The analysis of 16 patients who underwent a small-bowel transplantation[18] shows anyway a lower death rate compared to those who did not (23% versus 37%) after an average 3.5 years observation period (but variable between 3 mo and 14 y). In all of the cases, apart from the first 2, the colon had been transplanted too.

Diet

In most patients with early-onset MVID, no intake by mouth is possible. In the late-onset variant, minimal oral intake may be possible.

Except for rare, documented exceptions, no improvement of the condition is observed. Food intolerance remains complete in the overwhelming majority of patients described.

Long-term nutritional support is accomplished with TPN.

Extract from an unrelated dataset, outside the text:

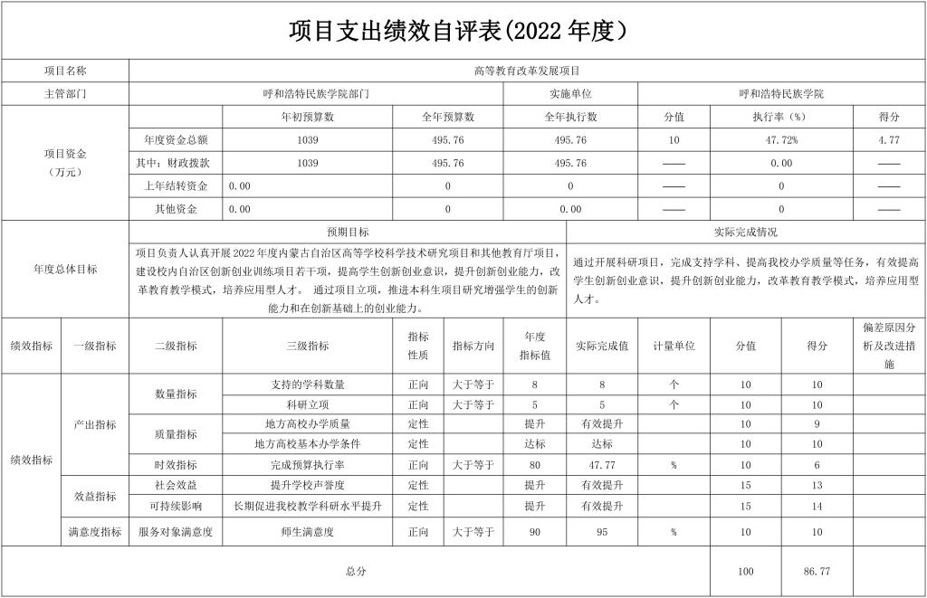 根据年初设定的绩效目标,项目自评得分86.77分。全年预算数为1039万元,执行数为495.76万元,完成预算的47.72%。学科建设、申硕工作、电子信息中心建设项目、智能互动研讨教室、硬件设施配备、科研经费、实验师教学设施配备、科研办公设施设备费用、人才引进费用等项目。绩效目标完成情况:支持的学科数量8人,科研立项5个,满足地方高校基本办学条件,师生满意度95%。

For patients in whom transplantation is successful, a gradual return to a normal diet is considered possible.

 

Medication

Medication Summary

Several drugs, including epidermal growth factor, octreotide, glutamine, and chlorpromazine, have been tried to counteract the massive secretory diarrhea in patients with microvillus atrophy. However, none have been proven effective.

 

Follow-up

Complications

Acute episodes of dehydration and metabolic decompensation are common complications. Neurological and psychological symptoms (eg, developmental delay) may be related to the hypovolemia-related temporary ischemia.[19] Impaired renal function and nephrocalcinosis may also occur. Infectious complications of the central line that result in sepsis are the most frequent causes of death, followed by liver failure.[12]

Multiple hepatic adenomas have recently been described in a child with microvillus inclusion disease.[13]

Prognosis

The prognosis is poor. If patients are untreated, the disease is rapidly fatal because of dehydration and malnutrition.

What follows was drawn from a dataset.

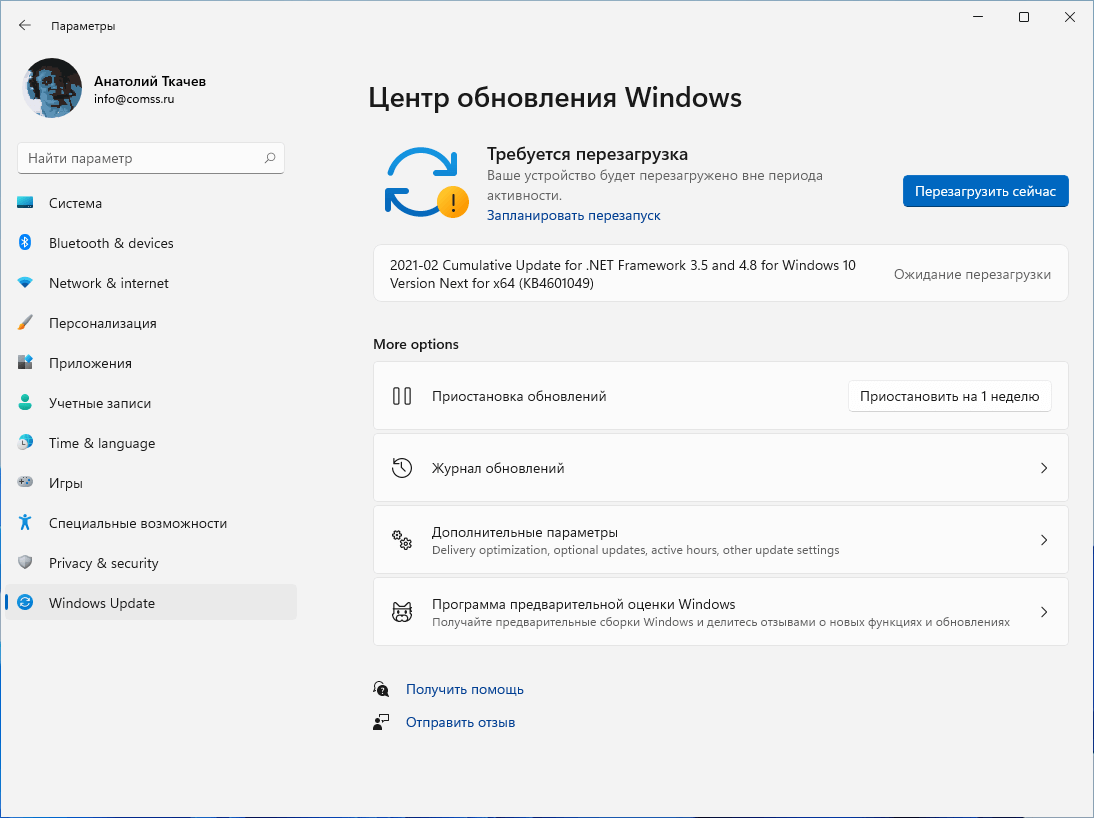 Она имеет круглую желтую метку и всплывающую подсказку, которая сообщает о необходимости перезагрузить ПК для установки обновлений. При клике по иконке открывается экран Центра обновления Windows, который получит полезную новую функцию — отображение ожидаемого времени установки. На скриншоте видно, что установка обновления, по оценкам Windows 11, займет около 5 минут.

If patients are treated with total parenteral nutrition (TPN), their prognosis entirely depends on the complications of this approach. These complications include cholestasis with subsequent liver damage leading to cirrhosis, catheter-related sepsis due to infection with bacterial or fungal agents, and progressive lack of vascular access.

The limited experience accumulated in a few centers worldwide reflects an overall survival rate of approximately 50% at 5 years after small-bowel transplantation; this is a much better outcome than is seen with other indications for intestinal transplantation.[9]

Children with late-onset congenital microvillous atrophy usually have less severe diarrhea; with age they can reduce the requirements of TPN to 1-2 per week.